Munshi Nawal Kishore was the second son of Brahmin Munshi Jamuna Prasad Bhargava, a Zamindar of Aligarh, and was born on 3 January 1836. At the age of six, he was admitted to a local school (maktab) to learn Arabic and Persian. At the age of 10, he was admitted to Agra College, but he never completed his education there for unknown reasons. During this time, he developed his interest in journalistic writing, and issued a short-lived weekly paper Safeer-e-Agra. He briefly served as an assistant editor and editor of Koh-i-Noor, a magazine of Koh-i-Noor Press owned by Munshi Harsukh Roy.

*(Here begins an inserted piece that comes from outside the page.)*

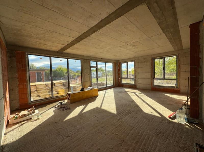 290КВ ДВОР!!! Предлагаме Ви ДВУЕТАЖНА къща на ТИХО и СПОКОЙНО място с АКТ 14! Първият етаж се състои от ОГРОМЕН и СВЕТЪЛ хол с кухненски бокс и трапезария (50кв) с излаз на веранда (27кв), спалня за гости със собствен санитарен възел, килер и самостоятелна тоалетна. На втория етаж са разположени ТРИ САМОСТОЯТЕЛНИ спални, две от които със собствен санитарен възел и едната от тях с гардеробна, втора баня с тоалетна, перално помещение и ТЕРАСА (13КВ). Това е цена на къщата на АКТ 16 на шпакловка и замазка! Към имота получавате 30кв гараж!! Възможност за покупка на едната или и на двете къщи.

On 23 November 1858, he founded a printing press known as Munshi Nawal Kishor Press. From 1859, he started publishing weekly newspaper Avadh Akhbar, also known as Oudh Akhbar.

He died on 19 February 1895 in Lucknow. His body was cremated in Kanpur. The Government of India issued a postage stamp in his honour in 1970.

Munshi Nawal Kishore published more than 5000 books in Arabic, Bengali, Hindi, English, Marathi, Punjabi, Pashto, Persian, Sanskrit and Urdu during 1858–1885. The Ram Kumar Press and Tej Kumar Press, started by his sons, are successors to the Nawal Kishore Press.

Munshi was a member of the Indian National Congress.